Jakob bedriegt zijn broer. Dat is nog tot daar aan toe. Die beer van een kerel, Ezau, kan immers best voor zichzelf opkomen. Maar later ziet hij er niet tegen op om ook zijn oude blinde vader te bedriegen. Dat is veel erger! Wat als een komedie begon eindigt dan als een tragedie! Ezau is vreselijk boos als hij merkt dat hij bedrogen is. Het eerstgeboorterecht is hem ontfutseld, een echt minne streek. En Jakob? Hij kan niet anders dan vluchten… Onderweg slaapt hij onder de blote hemel. Daar krijgt hij een wonderlijk visioen. God spreekt met hem, nog vriendelijk ook. Hij krijgt zelfs de belofte dat God hem niet zal verlaten. Een hele bemoediging voor onze vluchteling. Maar zou hij daardoor ook iets geleerd hebben? Heeft hij berouw gekregen? Belooft hij God dat hij zijn leven zal gaan beteren? Ik denk het niet. Natuurlijk, hij richt een gedenksteen op. Maar dat is alleen maar uiterlijk vertoon. Hij spreekt ook tot God en daarin klinkt zijn ware egoïstische aard door: “Als U mij bewaart en brood en vooruitgang geeft, dan zal ik U dienen…” Niet “ik, arme zondaar” maar “ik, flinke stoere kerel”. Jakob handhaaft zichzelf en gebruikt daarvoor God. Is dat bidden, is dat tot bekering komen?
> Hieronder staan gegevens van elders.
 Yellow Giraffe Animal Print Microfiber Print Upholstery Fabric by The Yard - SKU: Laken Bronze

Hardleerse man, die Jakob, en dat zal zo blijven. God heeft heel wat met hem te stellen! Naar buiten toe wordt zijn leven een groot succes: rijkdom, vrouwen, kinderen, niet te kort. Daar kun je jaloers op zijn ! Maar wat is de binnenkant? Eigenlijk alleen maar angst om zichzelf te verliezen. Daarom was hij er altijd op uit om zichzelf te handhaven. Zijn wij niet ook zo? En als we er God bijhalen, dan toch alleen dan als wij zelf niet verder kunnen. Hij mag wel met ons gaan, maar alleen om ons te helpen en te zegenen… De vraag is echter: zijn wij ook bereid met Hem te gaan?
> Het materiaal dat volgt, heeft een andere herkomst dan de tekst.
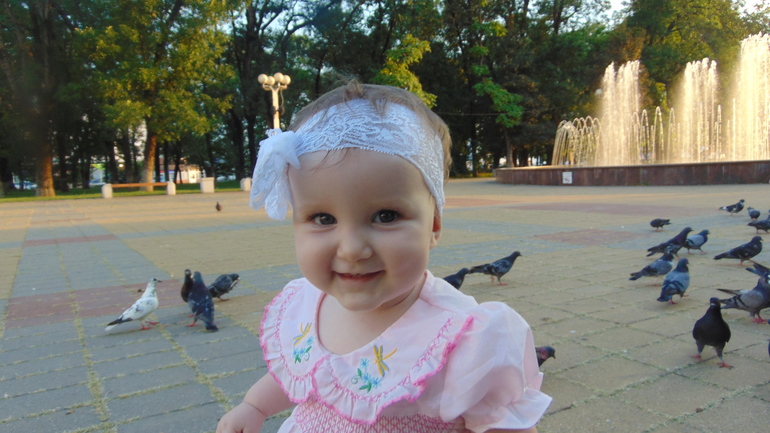 Говорит мало чего: мама,баба и слоги на-на,да-да,га-га,бадя, что-то начинает уже лепетать.Развиваемся хорошо! С сестричкой дружим и играем! К чужим не идем вообще. Не любит она их. Рост где-то 72-73, маленькая она, а вес около 10кг.

Dan is het 20 jaar later. In zo’n lange tijd heeft een mens toch heel wat kunnen leren, zou je zeggen. Bij Jakob zien we dat niet, tenminste niet datgene wat God hem had willen bijbrengen. Bij Ome Laban was het leven goed. Toch moest het volgens Jakob nog beter, steeds maar weer beter… Zo was hij altijd druk in de weer om plannetjes te smeden voor zichzelf. Tenslotte kreeg hij heimwee naar huis. Alles werd bij elkaar gepakt, karavanen vol. Hij is best ook wel een beetje bang: hoe Ezau hem zou ontvangen. De spookbeelden van het verleden. Die kunnen een mens behoorlijk in de war maken. Misschien had hij ook last van een midlifecrisis: wat is er van mijn leven geworden? Wat is er uitgekomen van al die idealen? Het verleden grijnst Jakob aan…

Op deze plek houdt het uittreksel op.